This past month I spent traveling on my own. Mainly through Laos, with a week split between Siem Reap in Cambodia, and Ho Chi Minh City in Vietnam.
Moving to Taiwan in 2013 on my own aside, this is the first solo trip I’ve taken. I started the journey a bit apprehensive, having no idea what the outcome would be.
It turned out to be an amazing, enlightening experience. I would like to share a few things I learned along the way.
It was the closest thing to complete freedom I’ve ever experienced.
I think complete freedom would be traveling on your own with just a backpack and an unlimited amount of time, and I did meet several people who were doing just that. I was purely on my own schedule. At first it was hard to comprehend that I didn’t have to do anything by a certain time. Everyone who knows me, especially my friends in Taiwan, know I stick myself to a very rigid time schedule during the week, it was hard for me to let go of the concept of time. For the first time in a year, I even took off my watch. It took me a few days to adjust to my newly found freedom. If I decided I wanted to go somewhere new, I could just leave, without thinking any more of it. I could do whatever I wanted whenever I wanted. I got up and did my early morning runs, I ate on my own schedule, I relaxed when I wanted, and was active when I wanted. Everything was in my own time. It was nice to be able to be purely selfish, I loved it. I think that it is in these moments of pure selfishness that you get to discover what you truly enjoy. That is something everyone should learn about themselves.

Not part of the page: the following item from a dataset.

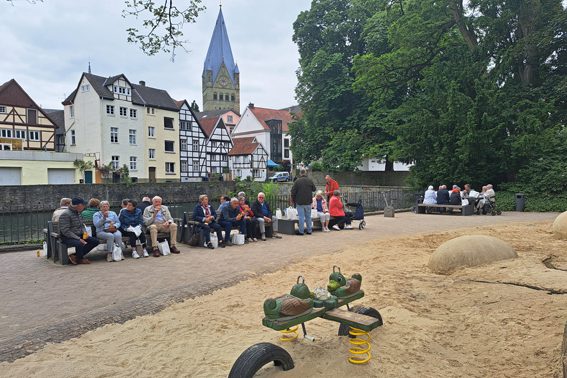 Via de Duitse A 40 en A 44 reden we naar Soest. Roland gaf in de bus wat informatie over Soest waar we rond 12.00 uur aankwamen om het lunchpakketje dat John Habets voor ons gemaakt had in een prachtig park op te eten. Omdat er nog tijd over was voordat de gidsen zouden komen gingen groepjes de stad in om al wat van Soest te zien. Anderen bleven op een terras zitten en maakten gebruik van een toilet.Om 13.30 uur stonden 2 stadsgidsen klaar om ons een en ander te laten zien en ze vertelden over de geschiedenis van Soest. De Dom werd bezocht en we wandelden langs de stadswallen van de stad waar een kerk, die met de groenachtige zandsteen gebouwd en nu gerestaureerd werd slechts aan de buitenkant kon worden bekeken. De ene groep had een Nederlandse gids en de andere moest het met een Duitse doen. Na de stadswandeling vertrok de bus voor een rit van 260 km langs Hannover naar het Hotel in Bispingen. Om beurten zorgden Roland en Dan de hele reis voor de warme en koude drank en deelde Will koekjes uit. Onderweg gaf Bert wat informatie over het hotel en kwam Will regelmatig met de snoepjestrommel rond.
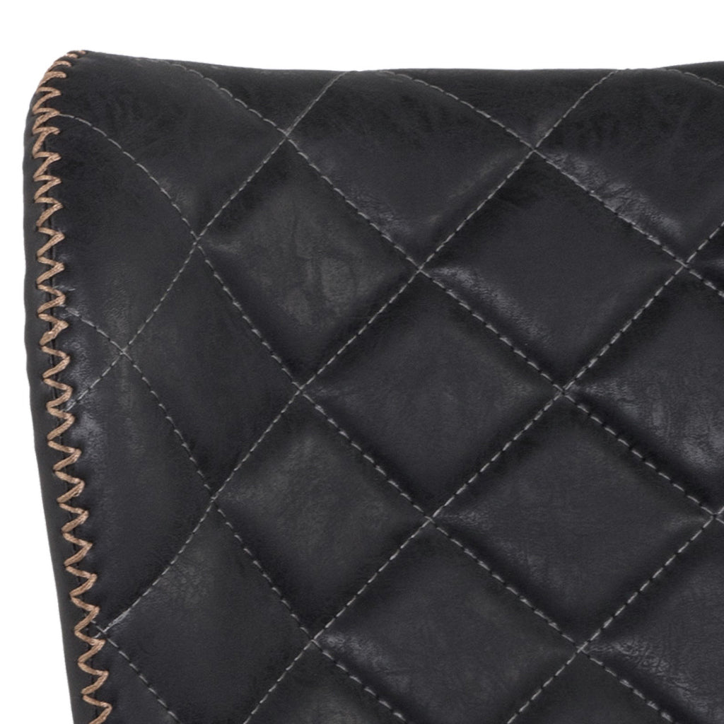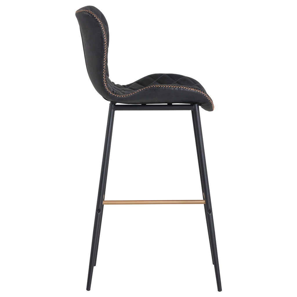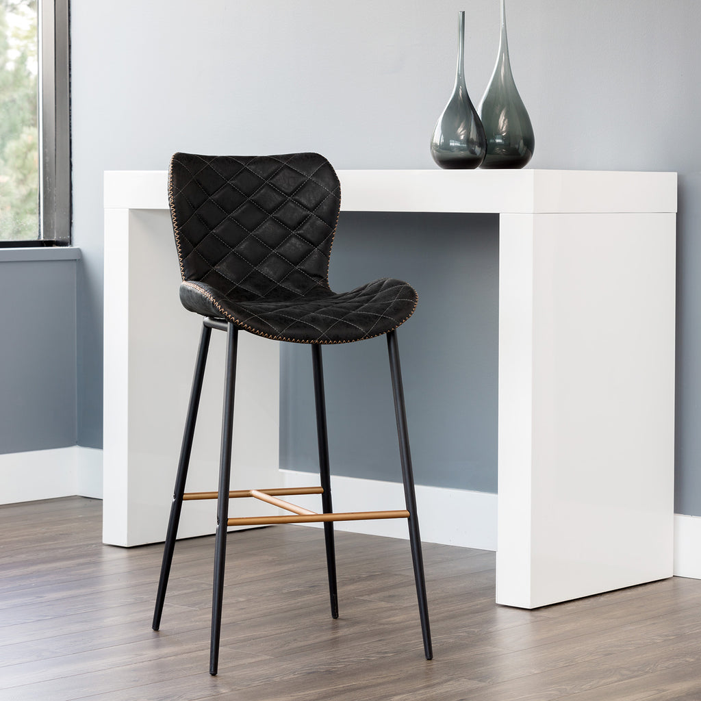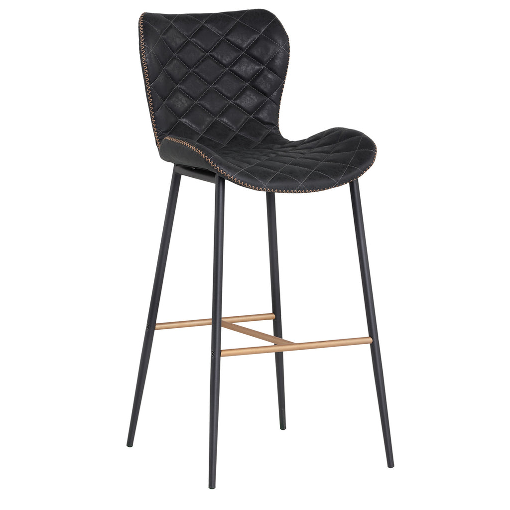 A stylish barstool featuring a sculpted diamond-stitched seat and exposed zig-zag stitching along the seat frame. Stocked in faux leather with black steel legs. Stretchers in a champagne gold painted finish complete the look. Suitable for various dining, kitchen and bar spaces of all sizes.

This freedom can be a heavy feeling until you get used to it.
“The Unbearable Lightness of Being” by Czech author Milan Kundera, describes just that. People don’t know how to handle their freedom, it is hard to be free to do whatever we want because that means the decisions are all under our control, and being in control of your own fate is a difficult task, a path most people choose not to follow. They turn to society, or religion, or something “higher” to tell them what to do, how they should be living. They purposely limit their own freedoms to make life easier.
Why is freedom so difficult?
Because whatever choices I make I have to live with. If I made a last minute decision to go somewhere new and it was awful, I had to deal with it, or change it. If I ordered a dish and it wasn’t good I had to eat it.
This is a major lesson that I hope I can remember when I get back to reality; there is no point in thinking about “should have”. Things you should have done, you didn’t do them and the opportunity has been missed so you need to move on, and make a mental note for next time.
I’m not a sociable person, not even what most people would call friendly. Several of my friends have told me I am not a very approachable person. I’m okay with that, I actually prefer it that way.
I have a specific memory from childhood where my mom made me go into the grocery store alone to get milk, and I was terrified I would have to go in and talk to the cashier alone, so terrified I was almost in tears, but she made me do it, and I’m glad she did. (this was a local small grocery store) I was terrified of speaking to people I didn’t know, of being forced to talk, to make conversation. After this trip I feel like a pro, I can start a conversation with anyone. Because unless you want to go crazy, you kind of have to talk to someone, even if it is only small talk with your restaurant host. But as much as I hate to admit it, and as much as I disdain most of society, people need people. And, as a person, sometimes I need people too.
However, even for me there are times when I need human company. On this trip there were a few days where my only communication would be ordering food or a bus ticket.
I learned to find my balance of how much human company I can handle, when I need it, and when I prefer to be by myself. In Luang Nam Tha, my trekking group and I hung out all together after our trip and though we were all strangers it felt like we were a big group of friends hanging out and it was really nice. But when I got to a 10 bedroom dorm in Luang Prabang filled with people drinking and playing ukuleles I left immediately to go to a cafe alone.
I really think these, and other lessons, are only things you can learn on your own. And traveling alone is the best way to find out who you are and how you like to spend your time. I was surprised at the number of people I met who were traveling alone, especially for those with extended amounts of time or with no time line in sight. I even met quite a few people over the age of 40, both men and women, traveling alone. Which made me recall a line from Tennysons’ Ulysses, after which this blog (and my own personal philosophy) is based;
Come, my friends,/ ‘T is not to late to seek a newer world.
Everyone should make the opportunity for themselves to travel alone, no matter your age, financial situation, familial situation. The only limitations are the ones we cast on ourselves. And those you can only find out by spending some quality time on your own.